Pavilion Energy controls long-term regasification capacity of around 2 million mt/year at the Isle of Grain LNG terminal in the UK, regasification in Singapore and Spain, time-charter of three M-type, Electronically Controlled Gas Injection LNG vessels and two Tri-Fuel Diesel Electric vessels, and an LNG bunkering business for which the first vessel was deployed in early 2024.

However, the transaction does not include Pavilion Energy's pipeline gas business, which will be transferred to Gas Supply Pte. Ltd., a subsidiary of Temasek, prior to completion, and Pavilion Energy's 20% shareholding in blocks 1 and 4 in Tanzania, Shell said.

"The acquisition of Pavilion Energy will strengthen Shell's leadership position in LNG, bringing material volumes and additional flexibility into our global portfolio," Zoe Yujnovich, Shell's Integrated Gas and Upstream director, said.

"We will acquire Pavilion's portfolio of LNG offtake and supply contracts, which includes additional access to strategic gas markets in Asia and Europe," Yujnovich said. Shell currently holds the first LNG importing license to Singapore, supplying nearly a quarter of the country's natural gas needs.

Shell said the deal was in excess of the internal rate of return hurdle rate for Shell's Integrated Gas business, as per its 15%-25% growth plan for purchased volumes, relative to 2022.

"Integration of portfolios will commence after the completion of the deal, which is expected by Q1 2025, subject to regulatory approvals and fulfilment of other conditions precedent," the statement said.

The transaction is expected to complete by the first quarter of 2025, subject to regulatory approvals, Pavilion Energy said in a separate statement June 18.

Moving ahead

Shell is an existing LNG import license holder for Singapore and this deal can increase Shell's market share in the Singapore downstream market, S&P Global Commodity Insights natural gas analyst Amanda Kang said.

Pavilion's latest contracts signed in 2020-21 with QP Trading, BP and Chevron totals 3.1 million mt/year, which is larger than the 1 million mt/year import and marketing license that Pavilion holds, she said.

"Some of the volumes are understood to be supplied to the Energy Market Authority's vesting contracts to the power sector until 2028. With a larger portfolio, Shell is better placed to optimize its supply portfolio for trading and downstream sales," she said.

The latest deal is also complementary to Shell's existing position in Singapore and Europe, Kang noted.

However, long-term benefits are uncertain as a gas aggregator framework is planned to be introduced for Singapore's power sector in 2024, she said.

While the latest deal will result in a change of hands of Pavilion's existing portfolio to Shell, future marketing activity of LNG supply by Shell to downstream end-users will be limited to the non-power sectors once the framework is in place, she said.

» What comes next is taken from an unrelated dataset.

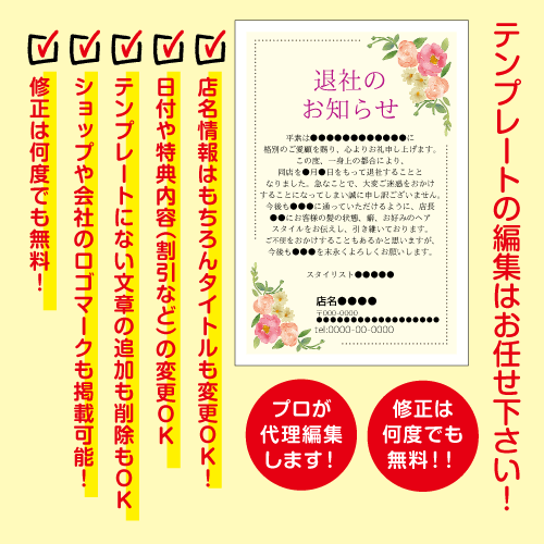 今後ともお店とお客様の長いお付き合いのためにも、お世話になったお客様のためにも退社の案内状や店舗異動の挨拶状は、決定次第できるだけ早くお客様へご案内したいものです。

Meanwhile, industry sources based in Singapore noted that the deal was in line with Singapore's aspiration to become an LNG trading hub as the country increases its reliance on the fuel to meet its demand as well as carbon emission reduction targets. Energy security will stay paramount after the transaction as the country embraces a sole gas aggregator model, they said.

The Shell-Pavilion transaction is "business as usual," a source said, noting that Temasek as an investment company was simply offloading its stake in Pavilion.

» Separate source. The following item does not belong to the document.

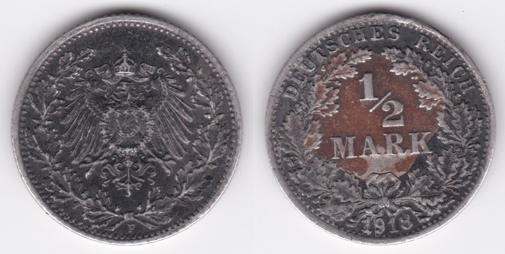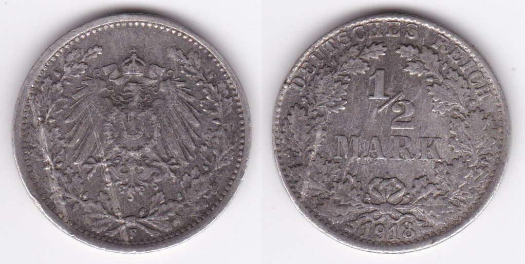 ![]() | 112010 | German Empire | 1918-F | km17 | 1/2 Mark (1905-1919) | $12.00 | A |

"We haven't heard too many details about the deal, but we hope that the Singapore government provides more third-party access to other players ...I personally hope that more LNG licenses are also awarded," as infrastructure ramps up another industry source said.

In October, Singapore LNG announced a plan to develop and eventually operate the Second LNG Terminal in Singapore. The terminal, with a gas supply capacity of up to 5 million mt/year, is expected to be operational by the end of the decade, it said at the time.